Advances in Temporal Point Processes: Bayesian, Neural, and LLM Approaches
Feng Zhou, Quyu Kong, Jie Qiao, Cheng Wan, Yixuan Zhang, Ruichu Cai

TL;DR
This survey reviews recent advances in temporal point processes, focusing on Bayesian, neural, and large language model approaches, highlighting their developments, applications, and future challenges.
Contribution
It provides a comprehensive overview of recent TPP research across Bayesian, deep learning, and LLM frameworks, integrating fundamental concepts and practical applications.
Findings
Neural TPPs offer enhanced flexibility over traditional models.
Large language models provide new avenues for event sequence analysis.
The survey identifies key challenges and future research directions.
Abstract
Temporal point processes (TPPs) are stochastic process models used to characterize event sequences occurring in continuous time.
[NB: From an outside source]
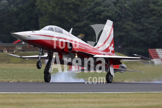 alb5572166 F-5E Tiger II jet fighter of Patrouille Suisse landing during RIAT-2017 airshow, Fairford, England, United Kingdom.

Traditional statistical TPPs have a long-standing history, with numerous models proposed and successfully applied across diverse domains. In recent years, advances in deep learning have spurred the development of neural TPPs, enabling greater flexibility and expressiveness in capturing complex temporal dynamics. The emergence of large language models (LLMs) has further sparked excitement, offering new possibilities for modeling and analyzing event sequences by leveraging their rich contextual understanding. This survey presents a comprehensive review of recent research on TPPs from three perspectives: Bayesian, deep learning, and LLM approaches. We begin with a review of the fundamental concepts of TPPs, followed by an in-depth discussion of model design and…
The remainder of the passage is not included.